**AIM OF THE EXERCISE**
Exact copy, pictures excluded: please retype the lines from the start of the material through the line containing "最高値 | ショップ数 |", both ends included, and nothing more.

**RAW DATA**
*** Block opens ***
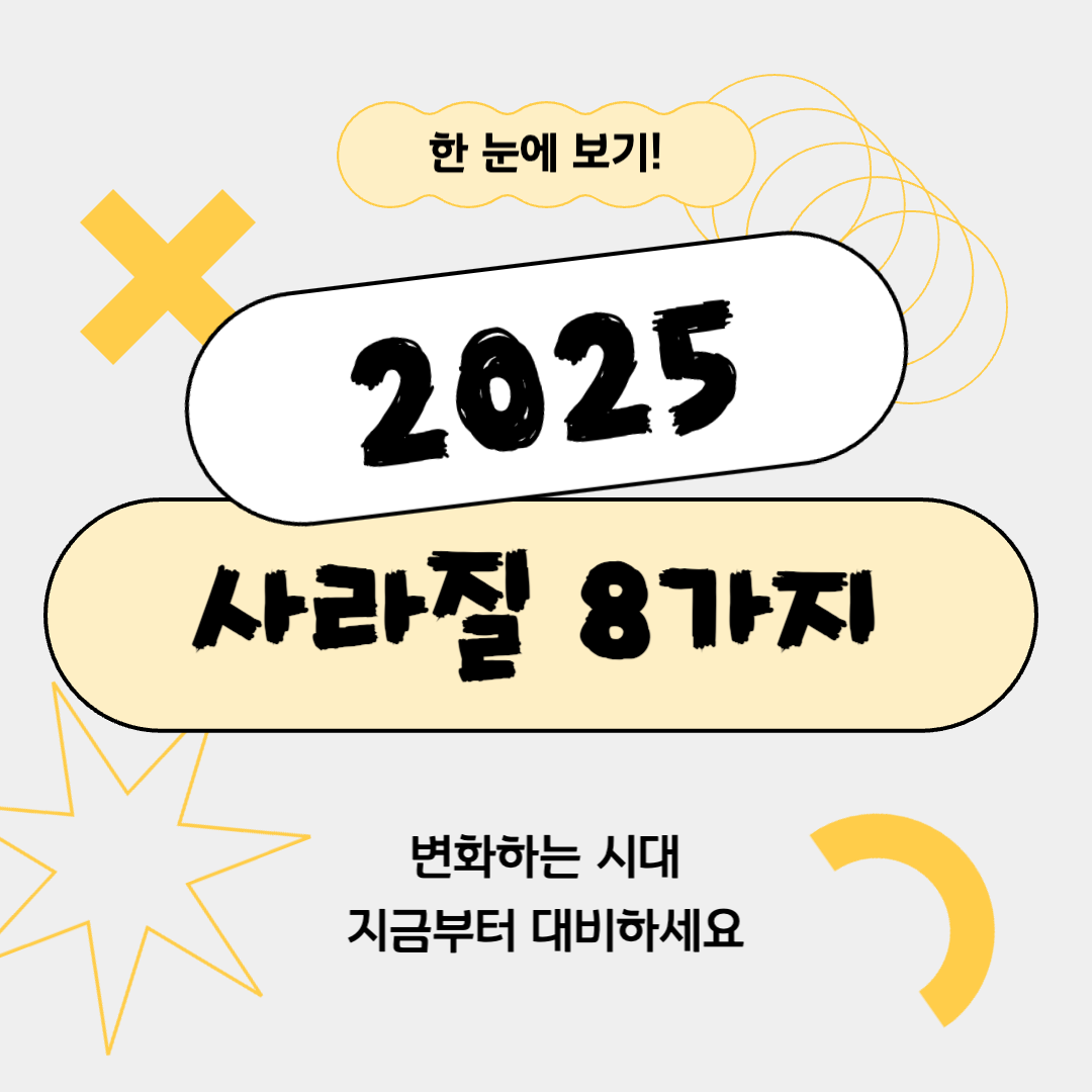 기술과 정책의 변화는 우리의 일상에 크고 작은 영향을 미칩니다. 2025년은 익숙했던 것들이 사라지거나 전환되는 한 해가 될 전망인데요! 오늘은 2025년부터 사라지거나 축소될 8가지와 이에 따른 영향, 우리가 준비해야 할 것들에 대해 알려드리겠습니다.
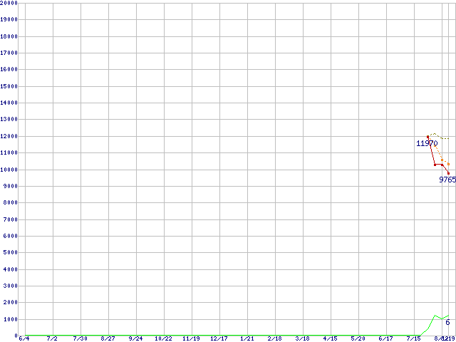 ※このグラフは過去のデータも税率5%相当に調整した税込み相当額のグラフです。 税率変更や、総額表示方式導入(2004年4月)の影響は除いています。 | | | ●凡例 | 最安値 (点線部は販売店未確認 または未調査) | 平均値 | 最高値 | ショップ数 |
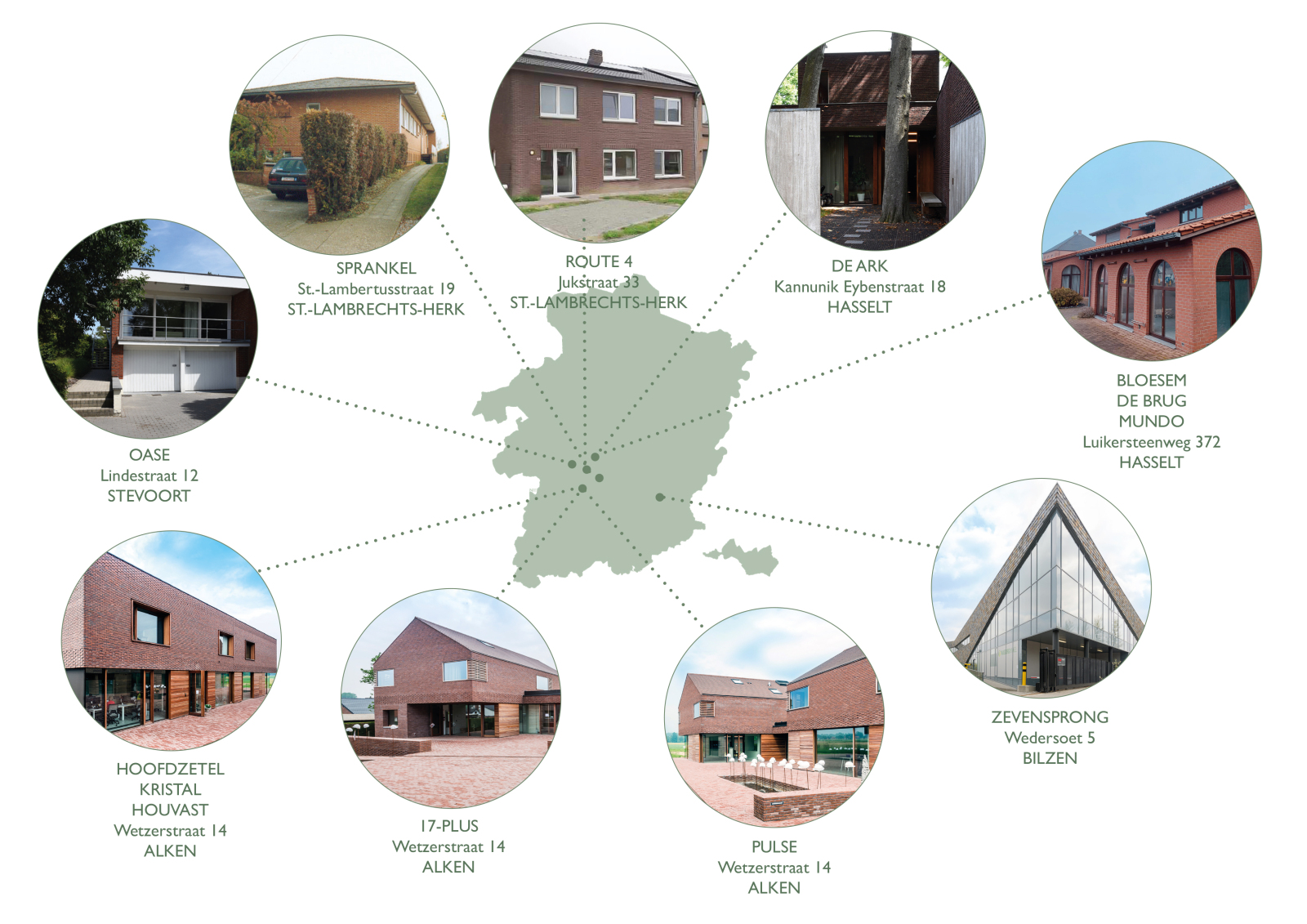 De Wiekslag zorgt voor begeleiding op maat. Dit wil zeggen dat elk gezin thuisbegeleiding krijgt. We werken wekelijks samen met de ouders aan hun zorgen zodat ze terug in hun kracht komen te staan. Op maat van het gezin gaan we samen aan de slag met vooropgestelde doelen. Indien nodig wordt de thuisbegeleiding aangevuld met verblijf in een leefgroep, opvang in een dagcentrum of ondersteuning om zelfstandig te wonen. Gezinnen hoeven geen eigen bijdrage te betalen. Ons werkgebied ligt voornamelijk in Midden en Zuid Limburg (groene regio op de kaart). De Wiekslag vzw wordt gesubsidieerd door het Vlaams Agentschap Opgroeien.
*** Block closes ***
**ANSWER TO THIS PROBLEM**
 기술과 정책의 변화는 우리의 일상에 크고 작은 영향을 미칩니다. 2025년은 익숙했던 것들이 사라지거나 전환되는 한 해가 될 전망인데요! 오늘은 2025년부터 사라지거나 축소될 8가지와 이에 따른 영향, 우리가 준비해야 할 것들에 대해 알려드리겠습니다.
 ※このグラフは過去のデータも税率5%相当に調整した税込み相当額のグラフです。 税率変更や、総額表示方式導入(2004年4月)の影響は除いています。 | | | ●凡例 | 最安値 (点線部は販売店未確認 または未調査) | 平均値 | 最高値 | ショップ数 |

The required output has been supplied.